07 Apr 2010 01:11 AM PDT
Whilst the rest of us were yesterday marking that benchmark moment in our democracy when an election is called, the House of Lords was the scene of an awful climax to their Lordships’ expenses scandal.
78-year-old Lord Clarke of Hampstead was being flogged at the yard arm. Hard to know whether to feel sorry or angry for Clarke, a former postman and trades unionist.
Once an election is called, journalists go into overdrive. It’s a genuinely exciting time – a voyage into the unknown whose ending will affect all our lives.
Hence it was not until I crawled into bed at 11.43pm last night and turned on Today in Parliament, that by chance I heard the miserable peer
quite literally reduced to tears as he was forced to make a public and
grovelling apology for over-claiming his expenses.
According to The Sunday Times, he had claimed some £18,000 a year for overnight stays in London when in fact he had driven home to St
Albans – an hour away. It was a horrible sound, this poor old man –
taken to the pinnacle of his powers in his sixties as Chairman of the
Labour Party – was reduced to scattering his dignity all over the floor
of the House.
And yet what he did, he has told The Times newspaper, was a consequence itself of ‘peer pressure’.
“I got the impression that if I didn’t do what people did, it could bring a bad light on someone else”, he told the paper last year.
The police and the CPS had the decency not to prosecute Clarke, for ‘lack of evidence’. That in itself represents a damning indictment of the entire Lords’ expenses system.
There was, quite simply no paper trail, because Lords expenses were quite simply un-receipted. There was, it seems, a help yourself to the
taxpayers’ till attitude. At least a dozen peers have been identified as
having charged – not the £18,000 a year that Clarke charged, but
hundreds of thousands of pounds a year for years. Nothing will happen to
them either.
The Lords Speaker Lady Hayman, herself listed as having charged for an out of town home as her place of residence whilst retaining another
in London, has presided over a decision to regard visiting a home once a
month, as enough proof of primary residence for expenses claims.

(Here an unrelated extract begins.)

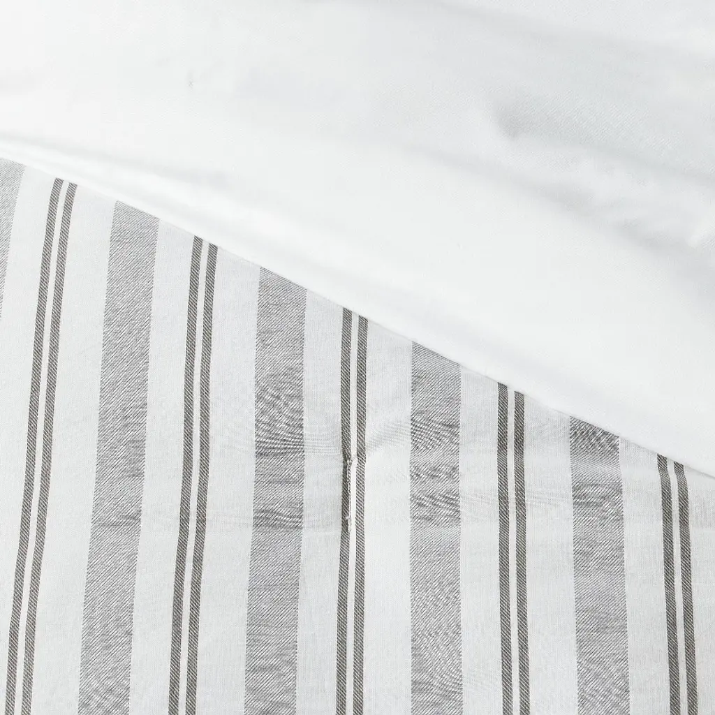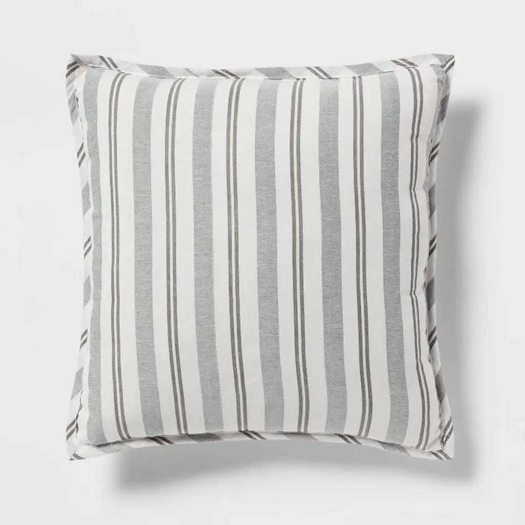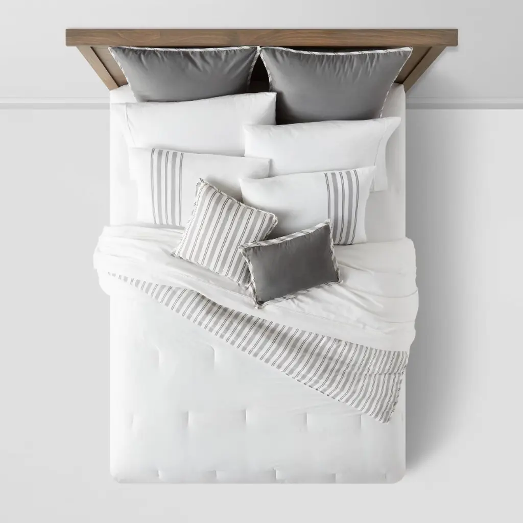 Create a timeless look in your bedroom with the Edenton Reversible Classic Stripe Comforter Set from Threshold™. Made from crisp, soft and breathable percale fabric to keep you comfortable all year round, this multi-piece bedding set includes a comforter, two decorative pillows, two standard shams, two Euro shams and a bedskirt. The bedding set has a soft-filled comforter with tack-stitch quilting and a striped pattern in white and gray. Plus, the bedskirt and two decorative pillows with either striped pattern or solid design with striped piping serve as chic accents to this reversible bedding set.

But no other peer has had to do what was demanded of Clarke. He’s the first peer to have to publicly confess. To hear a 78-year-old cry in
the hallowed confines of the House of Lords is bad enough. Will he be
the last?
Can it really be that after the abuse of a system that has cost tax payers millions of pounds, just one old man is to pay with his dignity? A good day for burying bad news?